The CGL/Kitimat project puts the spotlight on the provincial NDP government’s mixed record on carbon emissions and Indigenous rights.
Elected partly in response to the former Liberal government’s abysmal stand on these issues, Premier John Horgan’s NDP has tried to satisfy corporate pressures while claiming to support Indigenous rights. The BC legislature recently became the first in Canada to pass a law to implement the terms of the UN Declaration on the Rights of Indigenous People, a move which was welcomed by every major First Nations organization in the province.
The NDP has strongly opposed twinning of the TransMountain (TMX) pipeline, which would expand the amount of bitumen from the Alberta tar sands for delivery to tankers on Burrard Inlet. That controversial project, heavily backed by the federal Liberal government, is widely condemned as a danger to coastal waters by residents of the Metro Vancouver area, and by the nearby Tsleil-Waututh First Nation.
The Horgan government had attempted to require provincial permits before heavy oil could be shipped across BC. But a January 16 Supreme Court of Canada decision upholds a BC Court of Appeal ruling that such permits would violate Ottawa’s constitutional authority to approve and regulate pipelines that cross provincial boundaries. The ruling removes one of the last legal obstacles blocking the expansion.
On the other hand, there were some hopes that the NDP’s UNDRIP legislation would bring a shift away from backing LNG expansion, such as provincial tax breaks for the industry. But Horgan now argues that his government’s Bill 41 was intended to cover the period looking forward, not projects such as the CGL pipeline which have already received formal approval.

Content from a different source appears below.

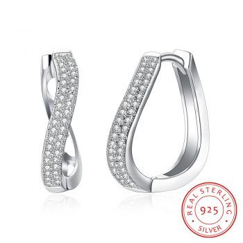 Victoria’s Vogue Classic Style Silver Color Jewelry Curved Hoop Earrings with Zircon for Women Anniversary Jewelry Mother’s Day Gift

Horgan’s position makes it crystal clear that his government will not stand with Wet’suwet’en people and allies who are holding out in -30 temperatures, defying court injunctions and the RCMP in their struggle to keep Coastal Gas Link out of their lands, the Yintahs.
A year ago, the RCMP arrested unarmed land defenders, and there are fears that a similar round of arrests could take place soon. The UK-based Guardian newspaper recently revealed that before the January 2019 raid, RCMP officers were given permission to shoot land defenders. This time around, the RCMP has created an “exclusion zone” around the pipeline route, alleging that land defenders are preparing to use violence.
As tensions build, the Wet’suwet’en Hereditary Chiefs are calling on Horgan to oppose police action. Instead, the premier has refused to meet with the Chiefs, and indicates he will support a raid on the camp in order to uphold corporate interests over Indigenous rights.
In response, the Union of BC Indian Chiefs, BC Civil Liberties Association, British Columbia Government and Service Employees’ Union, and UBC law professor Margot Young held a news conference on January 17 to condemn the RCMP’s exclusionary zone.
According to UBCIC Grand Chief Stewart Phillip, “We expect the provincial government and BC RCMP to honour the Supreme Court of Canada’s precedent setting Delgamuukw/Gisday’way case and the United Nations Declaration on the Right of Indigenous Peoples in all their decisions and actions. For Wet’suwet’en people to be denied access to their own territories as a result of a police exclusion zone smacks of outright racism and the colonial-era pass system sanctioned by the so-called rule of law, which our people survived for far too long.”